YOUR INSTRUCTIONS | Exactly as written, write out the lines below from the first to the one containing "Vintage Budweiser Hat", inclusive. Pictures do not belong in the copy.

SUPPLIED INFORMATION |
***
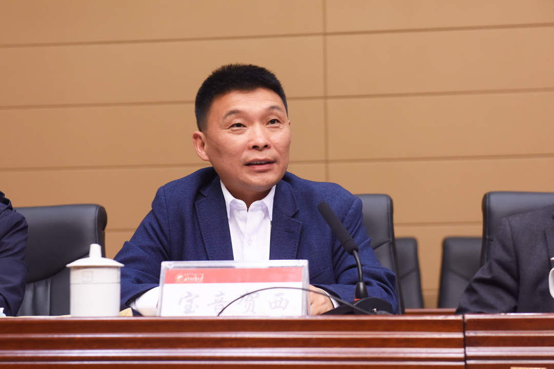 宝音贺西作表态发言。他表示,感谢自治区党委的肯定以及自治区党委组织部、教育厅的厚爱,坚决服从组织安排,坚决拥护组织的决定。清华大学和内蒙古工业大学有着深厚的感情,能够回到家乡,来到内蒙古工业大学工作,深感使命光荣、责任重大,同时也充满信心。在今后的工作中,将以习近平新时代中国特色社会主义思想武装头脑,树牢“四个意识”,坚定“四个自信”,把握“两个确立”,践行“两个维护”,坚决做到廉洁自律、为人师表。尽快融入学校的新环境、新角色,尽心尽责,不负重托,认真落实自治区上级部门和学校党委的各项决定,学习借鉴先进办学理念,助推办学实力提升,为学校高质量发展作出贡献。
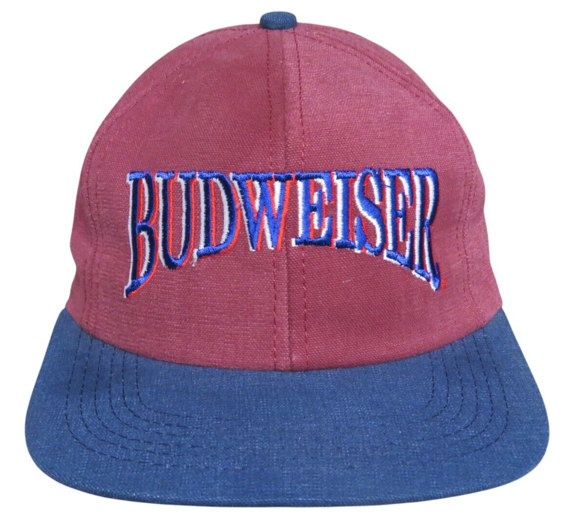 Vintage Budweiser Hat 90s Red Blue Maroon- Made in USA - NEW
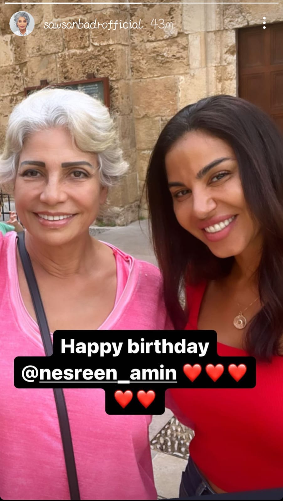 حرصت الفنانة سوسن بدر على تهنئة الفنانة نسرين أمين بحلول يوم ميلادها وذلك عبر حسابها الرسمي على موقع انستجرام .
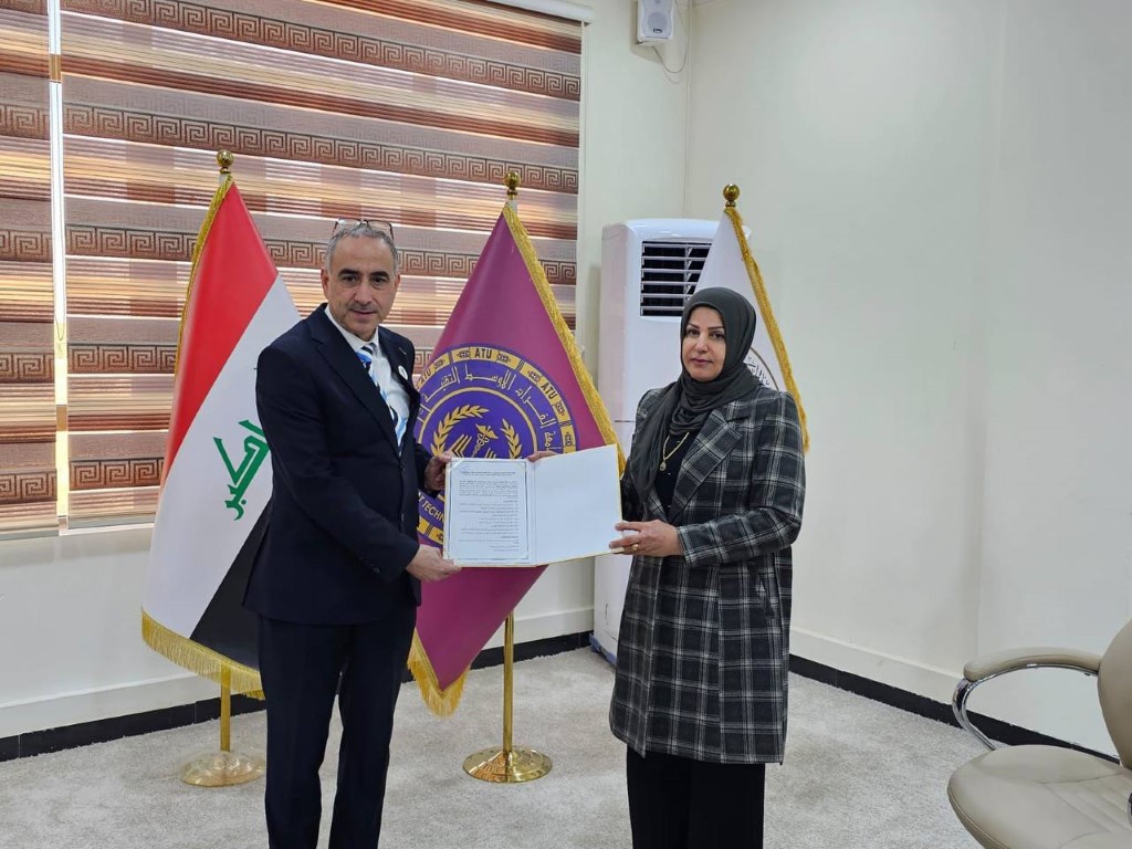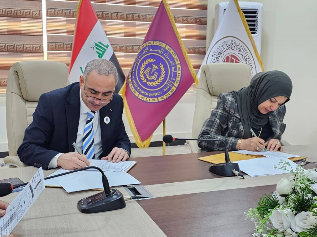 وقع عميد كلية التقنيات الصحية والطبية الاستاذ الدكتور محمد عبد الرضا الطحان مع الاستاذ الدكتورة انغام جاسم الرماحي عميد كلية التقنيات الصحية والطبية في جامعة الفرات الاوسط في الكوفة اتفاقية توأمة وتعاون علمي مشترك.
***
ANSWER AREA |
 宝音贺西作表态发言。他表示,感谢自治区党委的肯定以及自治区党委组织部、教育厅的厚爱,坚决服从组织安排,坚决拥护组织的决定。清华大学和内蒙古工业大学有着深厚的感情,能够回到家乡,来到内蒙古工业大学工作,深感使命光荣、责任重大,同时也充满信心。在今后的工作中,将以习近平新时代中国特色社会主义思想武装头脑,树牢“四个意识”,坚定“四个自信”,把握“两个确立”,践行“两个维护”,坚决做到廉洁自律、为人师表。尽快融入学校的新环境、新角色,尽心尽责,不负重托,认真落实自治区上级部门和学校党委的各项决定,学习借鉴先进办学理念,助推办学实力提升,为学校高质量发展作出贡献。
 Vintage Budweiser Hat 90s Red Blue Maroon- Made in USA - NEW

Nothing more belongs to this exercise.